Somatic mutations may alter interactions of miRNA precursors with regulatory proteins
An increasing number of proteins regulating miRNA biogenesis have been recently recognized (19). Disruption of structural or sequence motifs recognized by these proteins may affect the interaction of miRNA precursors with proteins and, consequently, miRNA biogenesis. Therefore, we employed recently developed by one of us (M.O.U.T) miRNAmotif software (59) to investigate whether the identified mutations disrupt or create known sequence motifs recognized by the following regulatory proteins: hnRNPA1, HuR, KSRP, Lin28, MBNL1, MCPIP1, DGCR8, MATR3, ZC3H7, YBX1, TRIM71, PTBP1/3, DDX17, RBFOX, SMAD, CELF1/2, and ZC3H10. The analysis led to the identification of 84 mutations disrupting 55 motifs and creating 54 motifs (some mutations affected more than one motif) (Table 2 and Supplementary Table S3). In our study, the most frequently affected sequence motifs were UGU and VCAUCH recognized by the DGCR8 and DDX17 regulatory proteins, respectively.

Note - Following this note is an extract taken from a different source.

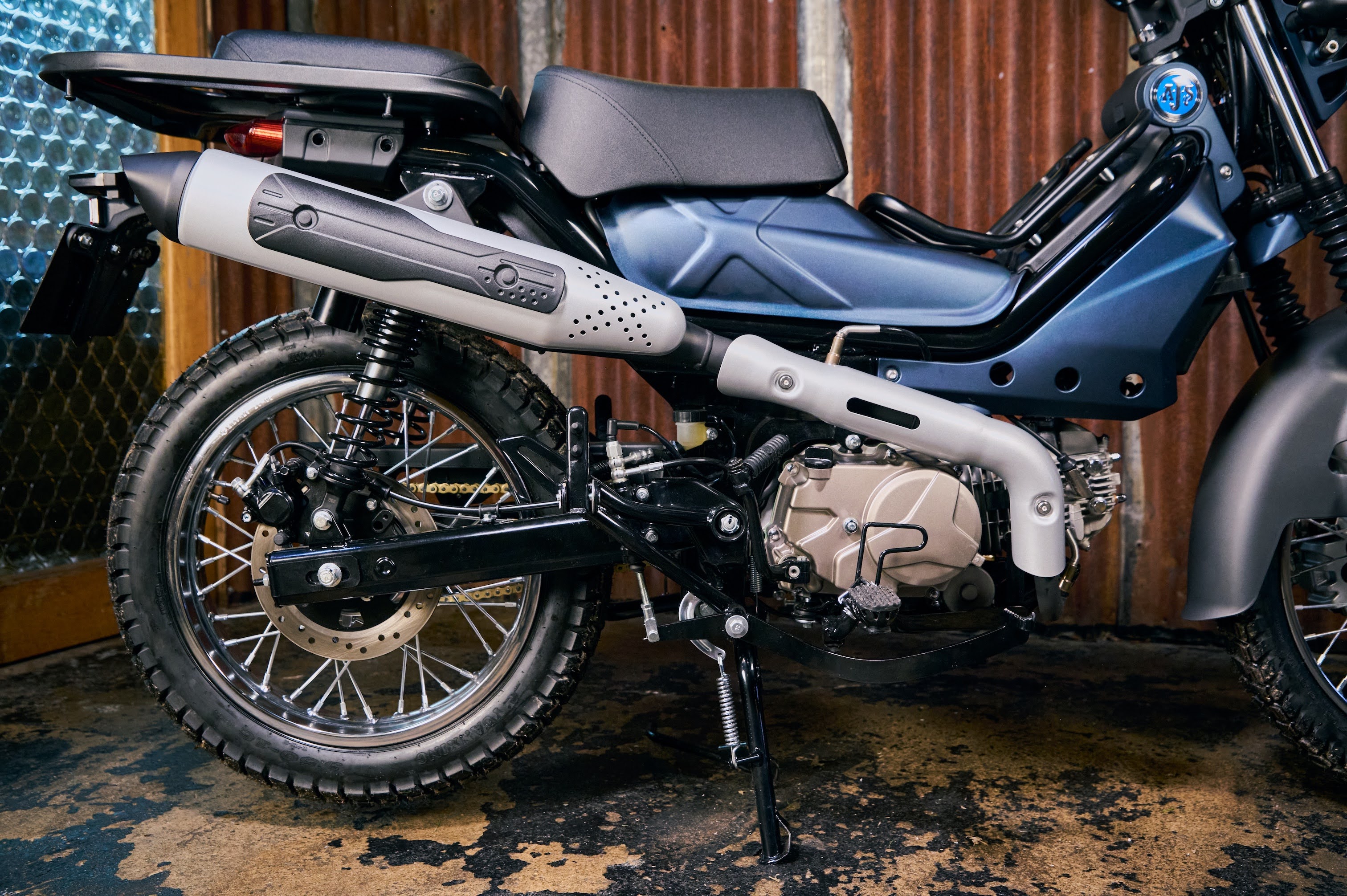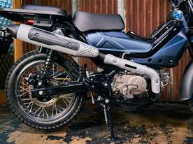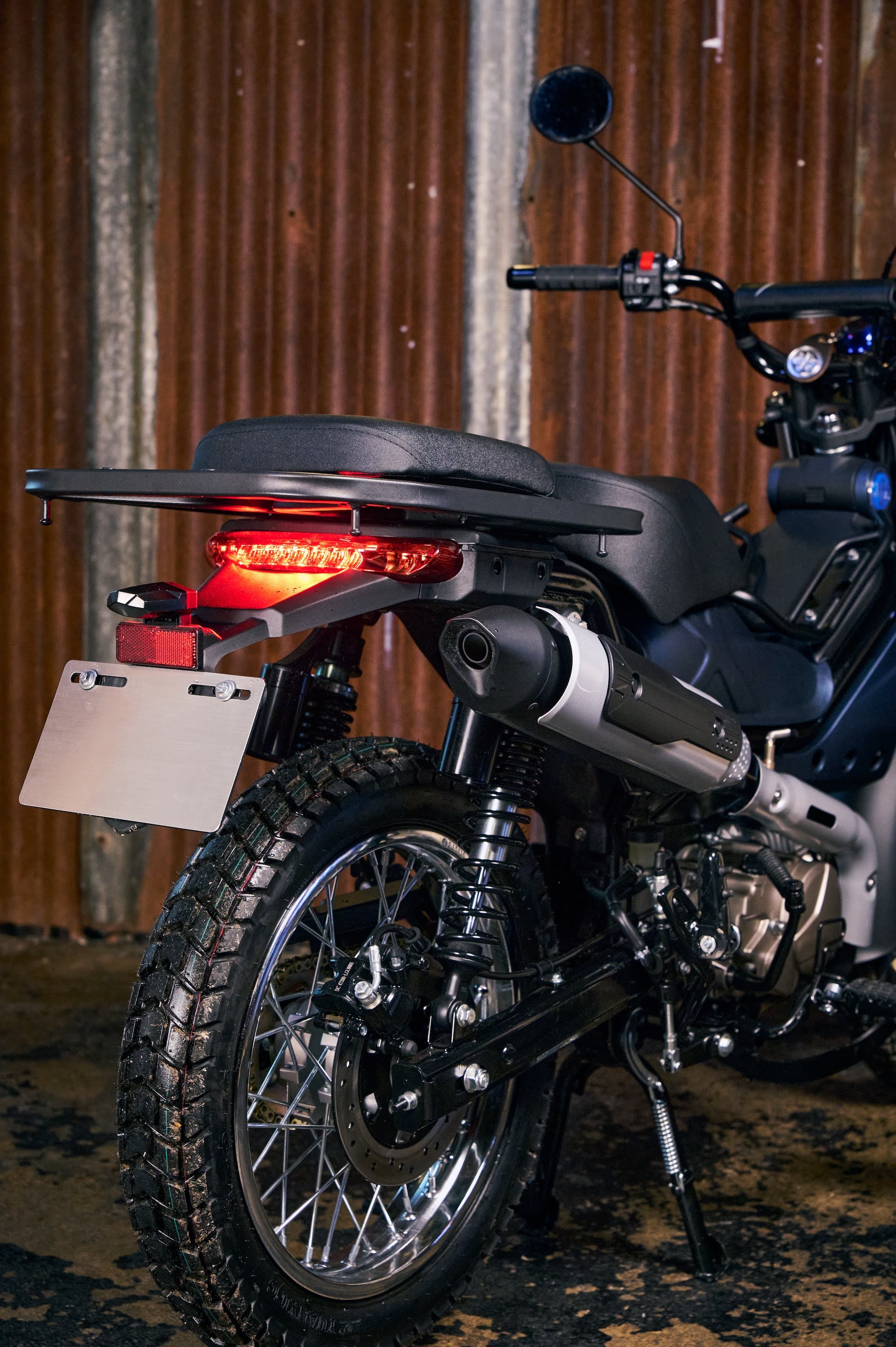 Engine: The 125cc air-cooled SOHC engine produces 6.1kW of power, plenty enough for urban commuting and light off-road trails. Its 4-speed manual transmission with semi-automatic centrifugal clutch makes for easy handling, while its balance shaft creates a smooth, confident ride.

Identification of hotspot miRNA genes
Analysis of the mutation distribution over the analyzed regions showed that 8 (miR-890, miR-664b, miR-1297, miR-379, miR-1324, miR-892a, miR-887, and miR-509-3) and 2 (miR-527 and miR-592) hotspot miRNA genes were significantly overmutated in LUAD and LUSC, respectively (Table 3). To further evaluate the reliability of the identified hotspot miRNA genes, we re-calculated mutation enrichment significance, weighting the mutation occurrences by the following factors: 2×, mutations in seeds; 1.5×, mutations in miRNAs (guide-strand only); 1.5x, mutations affecting the functional motifs or DROSHA/DICER cleavage sites; 1×, other mutations. As shown in Table 3 the p-value calculated based on the weighted-mutation values further decreased for 8 hotspot-miRNA-genes, including the miR-509-3, miR-1324 and miR-379 genes with an excess of mutations affecting the mature miRNA and functional motif sequences. Eight of the 10 hotspot miRNA genes were defined as high confidence in either miRBase or miRGeneDB. As shown in Figure 4, there were no specific hotspot mutations but rather randomly distributed mutations over the sequences of hotspot miRNA genes. An exception may be the miR-890 and miR-887 gene, in which most mutations clustered within the DROSHA cleavage site and basal stem junction in the 5’ flanking region, respectively. Analysis of the expression of particular miRNAs showed that miR-887 levels in all mutated samples were below the median of this miRNA in LUAD (Supplementary Figure S4). A similar observation was made for mutations in the miR-664b gene, whereas mutations in other hotspot miRNA genes showed a more or less random distribution over the range of miRNA expression levels.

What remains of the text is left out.